Noteworthy, the RF model exhibits high accuracy and strong model generalization ability owing to the integrated algorithm that incorporates decision-tree-based stochastic attributes. The RF model demonstrated widespread applicability in various scenarios. For instance, Ren et al. [17] showed that the screening and predictive modeling of endometriosis-causing genes based on the RF model exhibited good clinical ability. Moreover, studies by Kwak et al. [18] and C. Venkata Narasimhulu [19] showed that the diagnostic efficacy of RF models is superior to that of experienced sonographers in diagnosing benign and malignant thyroid nodules and classifying benign and malignant renal cancers after noise reduction processing of the images. These studies indicate that the RF model is a useful tool for clinical practice and medical image classification, which is consistent with the RF model selected in this study for differentiating NRDS from non-NRDS lung ultrasound diseases.
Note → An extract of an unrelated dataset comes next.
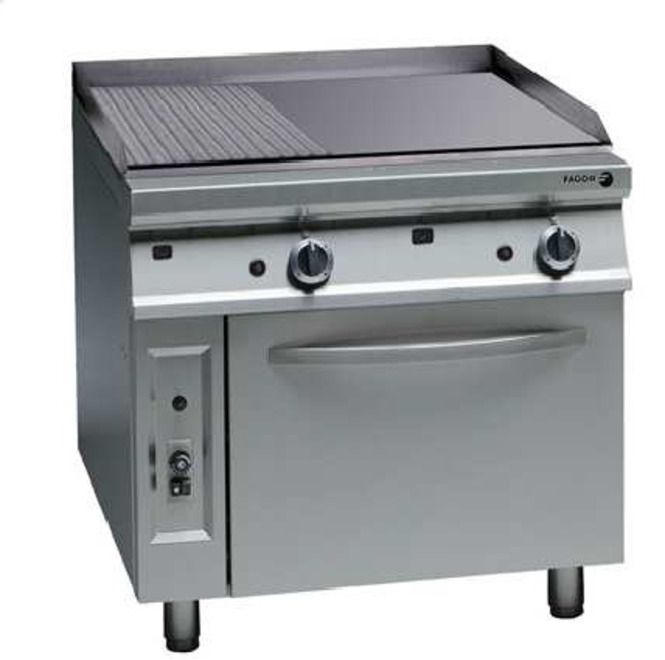 Fry-Top a Gas Con Horno FTG9-11 L Construcción en acero inoxidable. Superficie: 50 dm2. Placa de asado 2/3 lisa - 1/3 ranurada. Quemador de acero inoxidable con piloto y piezoeléctrico. Regulación termostática de la temperatura de la placa 120 ºC - 310 ºC. Bandejas recogegrasas extraibles. Horno GN-2/1 de acero inoxidable, con quemador de acero inoxidable de 8.000 Kcal/h, con piloto de encendido y termopar. Válvula termostática (130 ºC - 350 ºC). Potencia: 26.000 kcal/h (30,2 kW). Dimensiones: 850 x 900 x 850 mm.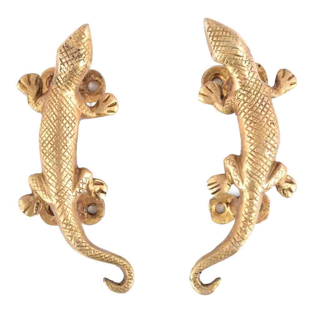 The timeless lizard motif and luxurious golden brass finish will continue to enhance your furniture for years. The sturdy brass construction ensures that these pulls will withstand daily use, offering a reliable and stylish hardware solution.

This study had several limitations. First, this study used only one instrument model for image collection, and further exploration is required to determine whether the findings can be consistently reproduced using different instrument models. Second, this study was limited to a single-center setting; multicenter studies are needed to verify whether the diagnostic efficacy of the RF model is consistent across different settings. Finally, the sample size of this study was small, and obtaining a larger sample size for analysis would help verify the fundamental clinical characteristics of the children [20] and the stability of the model. These limitations highlight the need for further research to address these issues and improve the robustness of our findings.

Conclusions

In conclusion, the results of this study indicate that imaging histology analysis based on lung ultrasound images using the RF model resulted in superior diagnostic efficacy compared to other models, as demonstrated by its consistently high performance in both the training and validation cohorts, as well as in the evaluation of calibration curves. These findings suggest that the RF model is a promising approach for diagnosing neonatal respiratory distress syndrome based on lung ultrasound.